INSTRUCTIONS TO FOLLOW -
Using the records below, repeat exactly the lines from the one holding "[写真/会話だけでパズルを完成させるゲームに挑む参加者 ]" through the one holding "Bước 3: Anh/chị", both ends included, and no others.

RECORDS FOR THIS TASK -
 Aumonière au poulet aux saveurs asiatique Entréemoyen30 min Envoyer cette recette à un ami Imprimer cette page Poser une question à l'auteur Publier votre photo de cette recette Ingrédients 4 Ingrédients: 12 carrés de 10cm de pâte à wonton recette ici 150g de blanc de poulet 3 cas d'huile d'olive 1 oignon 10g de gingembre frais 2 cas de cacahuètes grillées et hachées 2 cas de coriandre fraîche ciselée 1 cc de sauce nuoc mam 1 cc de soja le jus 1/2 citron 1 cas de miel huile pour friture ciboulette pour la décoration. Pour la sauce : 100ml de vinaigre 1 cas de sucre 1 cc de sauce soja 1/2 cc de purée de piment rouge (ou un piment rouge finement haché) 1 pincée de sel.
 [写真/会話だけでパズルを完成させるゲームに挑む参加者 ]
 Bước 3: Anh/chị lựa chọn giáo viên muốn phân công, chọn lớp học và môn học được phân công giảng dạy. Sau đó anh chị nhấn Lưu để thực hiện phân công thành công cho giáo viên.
---
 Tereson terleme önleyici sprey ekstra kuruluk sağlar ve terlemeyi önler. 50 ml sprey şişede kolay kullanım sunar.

RESULT OF THE EXERCISE -
 [写真/会話だけでパズルを完成させるゲームに挑む参加者 ]
 Bước 3: Anh/chị lựa chọn giáo viên muốn phân công, chọn lớp học và môn học được phân công giảng dạy. Sau đó anh chị nhấn Lưu để thực hiện phân công thành công cho giáo viên.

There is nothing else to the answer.